Im Zoofachhandel, aber auch im Internet, werden viele verschiedene Sorten an Tierfutter angeboten, wodurch es schwerfallen kann, ein geeignetes für das Haustier zu finden. Deswegen ist es wichtig, die verschiedenen Hersteller miteinander zu vergleichen. Welches Futter kann mit seinen Inhaltsstoffen überzeugen, wie hoch ist die Qualität des Fleisches? Vor allem auf einen hohen Fleischanteil ist dabei zu achten, denn diesen benötigen sowohl Katzen als auch Hunde auf ihrem Speiseplan.

Kann man Hunde und Katzen vegetarisch ernähren?

Viele Menschen entscheiden sich heutzutage für eine vegetarische oder vegane Ernährungsweise. Der Verzicht auf Fleisch, beziehungsweise auf sämtliche tierische Produkte, soll unter anderem verhindern, dass Nutztiere schlecht gehalten oder behandelt werden. An dieser Stelle ist es aber wichtig zu wissen, dass es Tiere gibt, die unbedingt Fleisch zum Fressen benötigen! Dazu gehören in erster Linie Katzen. Bei ihnen handelt es sich um Karnivoren, sprich Fleischfresser. Über die Nahrung erhalten sie wichtige Aminosäuren und weitere Bestandteile, die so nur in tierischem Gewebe vorkommen. Pflanzliche Alternativen können diese nicht ersetzen.

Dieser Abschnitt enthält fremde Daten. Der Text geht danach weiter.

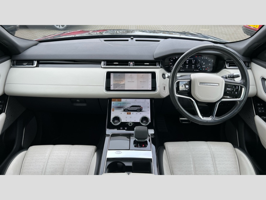 Land Rover Range Rover Velar 2.0 P250 R-Dynamic HSE 5dr Auto 10" deployable touchscreen, Adaptive cruise control with steering assist, Android Auto, Apple car play, Blind spot assist, Bluetooth connectivity, Brake pad wear indicator warning light, Driver condition monitor, eCall emergency call system, InControl remote, Land Rover InControl apps, Lane keep assist, Pivi pro with connected navigation, Push button start, Rear collision monitor, Rear traffic monitor, Service indicator, Speed proportional electronic power assisted steering (EPAS), Traffic sign recognition with adaptive speed limiter, Trip computer, Voice control system, 8 speed automatic transmission, Adaptive dynamics, All terrain progress control, Electronic air suspension, Open differential with torque vectoring by braking, Single speed transfer box, Digital Audio Broadcast radio-DAB, Steering wheel mounted controls, Acoustic laminated windscreen, Adaptive front lighting system, Auto dimming interior rear view mirror, Automatic headlamp levelling, Automatic headlights, Body coloured bumpers, Boot protection plate, Electric heated/power fold door mirrors with approach lights and auto dimming driver side, Electric windows with one touch open/close and anti trap, Flush deployable exterior door handles, Follow me home headlights, Heated rear window with timer, Heated washer jets, Heated windscreen, LED 3rd brake light, Metal load space scuff plates, No badge - Removes engine badge, Rain sensor windscreen wipers, Rear animated directional indicators, Rear fog lights, Rear side wing doors, Rear wash/wipe, Tailgate/boot lid spoiler, Trailer stability assist, Velar and R-dynamic badge, 3 seat bench in 2nd row, Ambient lighting, Bright metal pedals, Driver/passenger sunvisors with illuminated vanity mirrors, Electric adjustable steering column, Isofix system on outer rear seats, Loadspace cover, Overhead lighting console, Overhead stowage for sunglasses, Passive front headrests, Rear air vents, Rear centre headrest, Satin chrome gearshift paddles, Single front passenger seat, Twin front cupholders, Twin sliding front centre armrest, Online pack with data plan - Velar, 355mm front brakes and 325mm rear brakes, 3x3 point rear seatbelts, Anti-lock braking system (ABS), Cornering brake control, Curtain airbags, Customer configurable autolock, Door side intrusion beams, Driver airbag, DSC - Dynamic Stability Control, Electronic brake force distribution, Electronic parking brake, Electronic traction control, Emergency brake assist, Emergency braking, Front and rear seatbelt reminder, Hill descent control, Hill launch assist, Low traction launch, Passenger airbag, Power operated child locks, Rear airbags, Roll stability control, Side airbags, Tyre pressure monitoring system, Unpainted brake calipers, Global lock and unlock switch on driver door, Immobiliser, Intrusion sensor, Keyless entry, Lock only switch on front passenger door, Locking wheel nuts, Perimetric alarm, Remote central locking

Beim Hund ist eine vegetarische Ernährung schon denkbarer, allerdings muss diese gut durchdacht sein, damit es dem Hund nicht an wichtigen Nährstoffen mangelt. Dazu gehören beispielsweise Vitamine, Proteine und Mineralien. Der Körper von Hunden ist durchaus dazu in der Lage, bestimmte Nährstoffe aus pflanzlicher Nahrung aufzunehmen. Vitamin B12 und Taurin lassen sich einfach ergänzen. Viele Hunderassen können Taurin nicht selbst im Körper bilden, allerdings wird es im Hundefutter auch nicht unbedingt benötigt. Wichtig ist immer, dass Sie den individuellen Nährstoffbedarf Ihres Tieres kennen und die Fütterung dahingehend anpassen.

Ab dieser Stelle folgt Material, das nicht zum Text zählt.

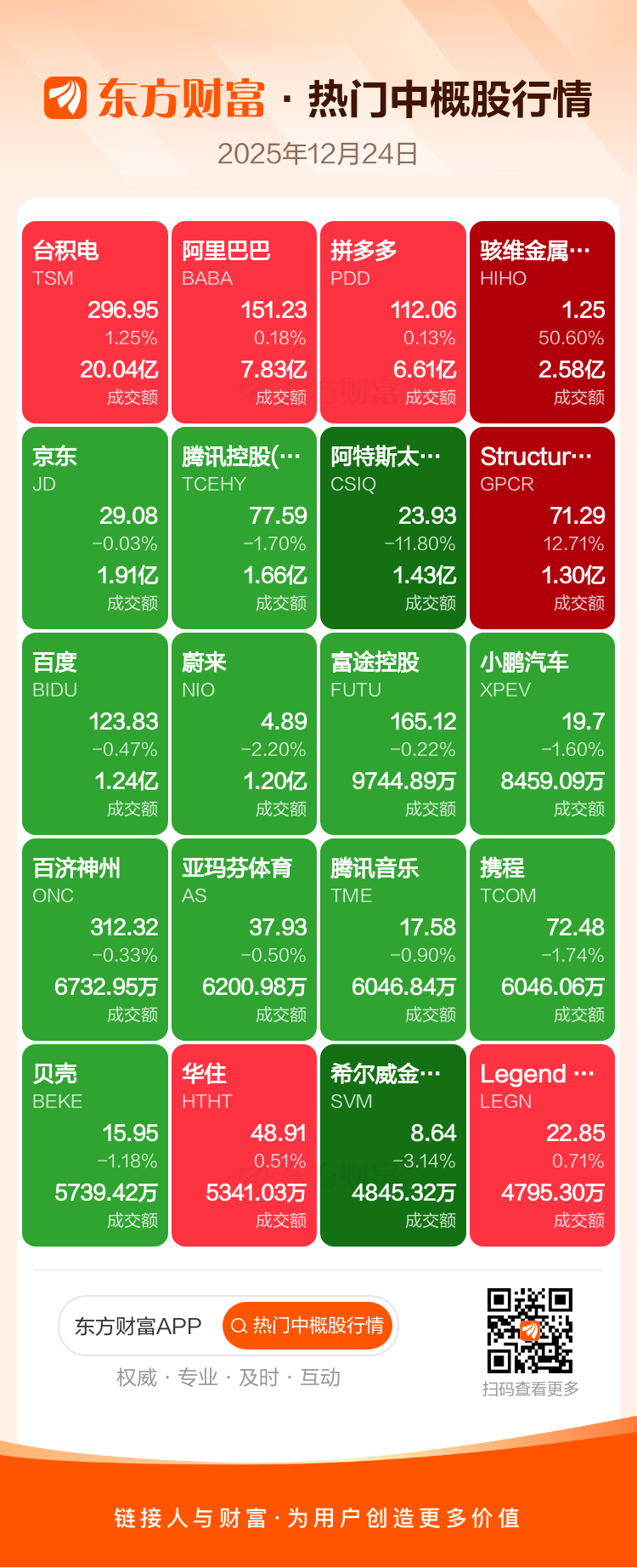 台积电涨1.25%,阿里巴巴涨0.18%,拼多多涨0.13%,骇维金属加工涨50.60%,京东跌0.03%,腾讯控股(ADR)跌1.70%,阿特斯太阳能跌11.80%,Structure Therapeutics Inc ADR涨12.71%,百度跌0.47%,蔚来跌2.20%。

Das Fazit – Auf nachhaltiges und gesundes Haustierfutter setzen

Sowohl Hunde als auch Katzen benötigen gesundes Futter, das aus vielen verschiedenen Bestandteilen besteht und somit alle Nährstoffe liefert, welche die Tiere für ein gesundes Leben benötigen. Um ein Futter zu finden, welches gleichzeitig unter umweltschonenden und ethisch vertretbaren Bedingungen hergestellt wurde, muss man die einzelnen Futtersorten gut unter die Lupe nehmen. Aufgelistete Inhaltsstoffe und Nährstofftabellen verraten genau, was sich in einem Futter für Hunde oder Katzen befindet – so sollte es zumindest bei einem qualitativ hochwertigen Futter sein.

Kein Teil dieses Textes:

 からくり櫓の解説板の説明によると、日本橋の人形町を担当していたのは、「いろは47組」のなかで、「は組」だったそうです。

Katzen und Hunde sind Fleischfresser, weshalb Experten besonders bei Katzen von einer vegetarischen oder veganen Fütterung abraten. Im Fleisch befinden sich viele wichtige Inhaltsstoffe, welche die Haustiere zum Leben brauchen. Nachhaltig produziertes Futter sollte also einen hohen Fleischanteil besitzen und dennoch umweltfreundlich sein.